- Born: 1923 Thamarathiruthi, Trichur, Kingdom of Cochin
- Died: 3 August 2005 (aged 81–82) Kozhikode, Kerala, India
- Occupations: Poet, professor
- Writing career
- Language: Malayalam
- Notable awards: Sahitya Akademi Award, Kerala Sahitya Akademi Award

= R. Ramachandran (poet) =

Indian poet (born 1923)

R. Ramachandran (1923–2005) was a Malayalam–language poet from Kerala state, South India.

==Biography==
Born in 1923 in Thamarathiruthi village in Thrissur district of Kerala, Ramachandran studied in various schools of the erstwhile Kingdom of Cochin and obtained his graduation and masters in literature from Maharajas College, Ernakulam.

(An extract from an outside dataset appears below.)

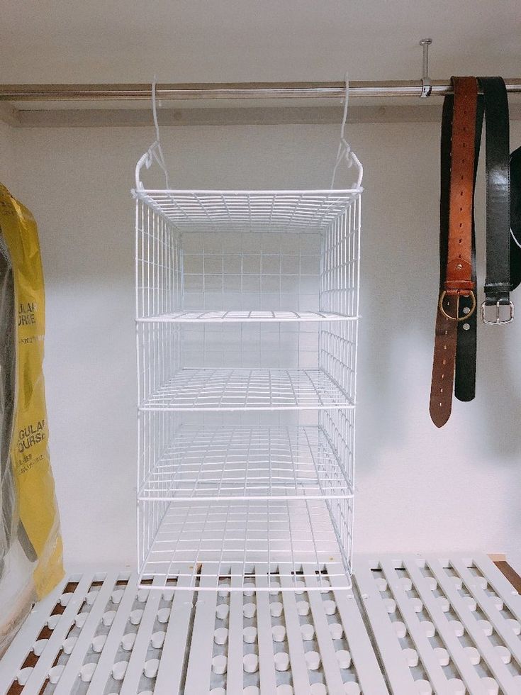 ワイヤーネットでクローゼットに吊り下げ棚を手作り!洋服・バッグのちょい置きにも家がどんどん好きになる。

He taught Malayalam in Malabar Christian College, Kozhikode from 1948 until his retirement in 1978. He was a scholar in Sanskrit, English and Malayalam languages. Though not a prolific poet, Ramachandran had an impact in Malayalam poetry with his works such as Murali, Sandhya Nikunjangal, Shyama Sundari and Pinne. An anthology of his poems titled R. Ramachandrante Kavithakal received the Sahitya Akademi Award in 2000 and the Kerala Sahitya Akademi Award in 2003.